The Nucleoprotein (NP) of the Influenza A virus plays a crucial role in the virus's life cycle, particularly in RNA genome replication and packaging. It's a vital component of the ribonucleoprotein complex and is involved in the nuclear import of viral RNA. Because of its essential function in viral replication, NP has become a significant focus in influenza research, providing insights into viral assembly and potential antiviral targets.
Potential Applications
Note: The applications listed below are based on what we know about this protein's biological functions, published research, and experience from experts in the field. However, we haven't fully tested all of these applications ourselves yet. We'd recommend running some preliminary tests first to make sure they work for your specific research goals.

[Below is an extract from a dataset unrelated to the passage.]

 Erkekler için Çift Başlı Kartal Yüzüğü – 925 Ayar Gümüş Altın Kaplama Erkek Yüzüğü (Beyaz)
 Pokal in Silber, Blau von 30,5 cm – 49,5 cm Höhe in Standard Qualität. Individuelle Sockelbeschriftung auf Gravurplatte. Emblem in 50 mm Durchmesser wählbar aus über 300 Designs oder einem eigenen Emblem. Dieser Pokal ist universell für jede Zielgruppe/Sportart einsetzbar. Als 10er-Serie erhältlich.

1. Antibody Development and Validation Studies
This full-length recombinant influenza A nucleoprotein can serve as an immunogen for generating monoclonal or polyclonal antibodies specific to the H3N2 strain. The high purity (>90%) and N-terminal 6xHis tag make it suitable for immunization protocols and subsequent antibody characterization assays. Researchers can use this protein in ELISA-based screening to identify high-affinity antibodies and validate their specificity through Western blot analysis. The His-tag makes purification and immobilization on nickel-coated surfaces straightforward for antibody binding studies.
2. Protein-Protein Interaction Studies
The recombinant NP can be used in pull-down assays to identify and characterize cellular proteins that interact with influenza nucleoprotein during viral replication. The N-terminal His-tag allows efficient immobilization on nickel-affinity matrices for capturing potential binding partners from cell lysates. This approach may help clarify the molecular mechanisms of viral ribonucleoprotein complex assembly and host-pathogen interactions. Co-immunoprecipitation experiments using this protein can validate specific interactions identified through initial screening.

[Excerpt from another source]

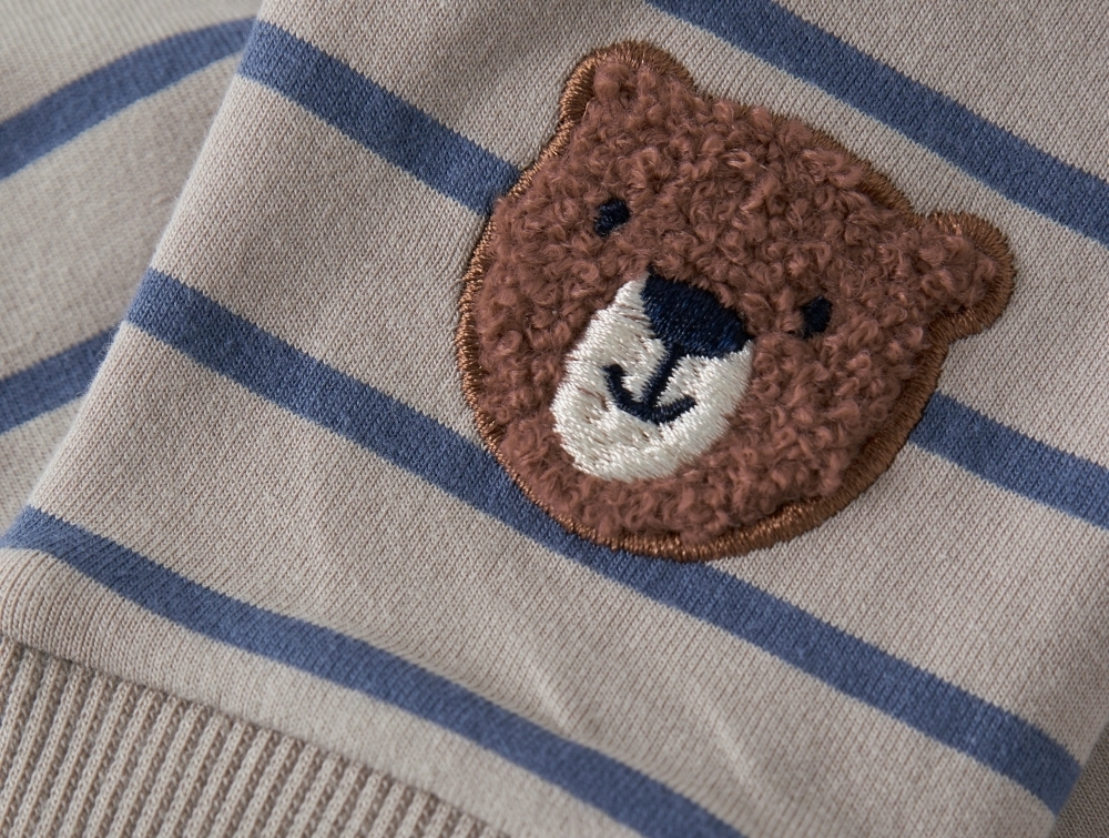 • Stribet design med bamsebroderi

3. Structural and Biophysical Characterization
This E.coli-expressed full-length nucleoprotein provides material for detailed structural studies including X-ray crystallography, NMR spectroscopy, or cryo-electron microscopy analysis. The high purity level should minimize contamination for biophysical techniques such as dynamic light scattering, analytical ultracentrifugation, and thermal stability assays. Researchers can investigate the protein's oligomerization states, conformational changes, and stability under various buffer conditions. The recombinant nature allows for isotopic labeling strategies if produced in minimal media for NMR studies.
4. Vaccine Research and Immunogenicity Studies
The purified nucleoprotein can be used in preclinical vaccine development studies as a potential immunogen or adjuvant component. Researchers can evaluate its immunogenicity in animal models by measuring antibody responses and cellular immune activation following immunization. The protein serves as a control antigen for comparing immune responses against different influenza strains or vaccine formulations. In vitro studies can assess its ability to stimulate dendritic cells or other antigen-presenting cells using cell culture-based assays.